Table Rock is a mountain pillar in the western United States, located just south-east of downtown Boise, Idaho, in the foothills of the Boise Range of the Rocky Mountains.
Its summit elevation of 3650 ft above sea level is 900 ft above the city center.

Located between downtown Boise and the foothills, Table Rock has multiple caves and ledges and overlooks the Treasure Valley.

A prominent local landmark, it is a popular spot for day hiking from the Old State Penitentiary which offers access to views of the Treasure Valley, Owyhee Mountains, and the Boise Foothills themselves. Trailhead access and parking is behind the Bishop's House in the Penitentiary Historic District. The Idaho State Historical Society manages Table Rock Mesa. Table Rock is open to foot and bike traffic from sunrise to sunset. A gate is installed on Table Rock Road to prevent vehicle access.

An illuminated 60 ft white cross at its summit has been the subject of a lawsuit involving the separation of church and state (the cross itself stands on 4 sqft of land sold to the Jaycees for $100 in 1972, hence it stands on private property). The legality of the land sale to the Jaycees is disputed, as the land board meeting minutes, which discuss the sale, indicate that the sale was structured specifically to sell the land to the Jaycees for the purpose of insulating the cross from legal attack.
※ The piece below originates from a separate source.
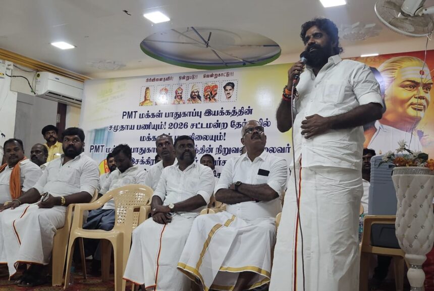 பிஎம்டி மக்கள் பாதுகாப்பு இயக்கத்தின் சமுதாய பணியும், 2026 சட்டமன்ற தேர்தலில் மக்களின் மனநிலையும் குறித்து மாநில தென்மண்டல, மாவட்ட நிர்வாகிகள் கலந்துரையாடல், அரசியல் கலந்தாய்வு திருநெல்வேலியில் தனியார் மஹாலில் வைத்து நடைபெற்றது.

The sale included language that allowed the Land Board to reject any offers, with the stated intent of rejecting offers other than from the Jaycees.

The Table Rock Mesa was first quarried in the 1860s with much of the sandstone around Boise coming from Table Rock, including the Old Idaho Penitentiary. It continues to be an active quarry today.

In 2016, illegal fireworks usage on Table Rock shortly after midnight on June 30 initiated a 2500 acre wildfire.

==Prehistory==
Table Rock was sacred to the Northern Shoshone, who used the high plateau, numerous caves, and nearby hot springs as a ceremonial meeting place. Artifacts have been found in the course of the construction of nearby subdivisions, including obsidian bi-face knives of varying sizes.

In 1893, prisoners quarrying stone for the penitentiary discovered Native American remains. In addition to skeletal remains, they also unearthed beads and bracelets, adding evidence that Table Rock is a sacred Native American burial ground.

==The Cross==

=== Building the Cross ===
The idea for putting the cross on Table Rock came from the TV program This Is Your Life and the Jaycees asked volunteers to build the cross. The Jaycees club's original goal in building the cross was to promote Christianity as well as taking a stand against communism in the mid-1950s, and $880 was raised to fund the project. Dick Wilcolm, Rich Jordan, and Chet Sawyer were the three volunteers that dug the hole and placed the cross in the ground. The original cross required $60 a month to power the lights that illuminated the cross, however in 2011 the lights were changed to LED lights, cutting the price down to $20.

=== Controversy ===
The cross that stands on top of Table Rock has had a volatile history over the last years.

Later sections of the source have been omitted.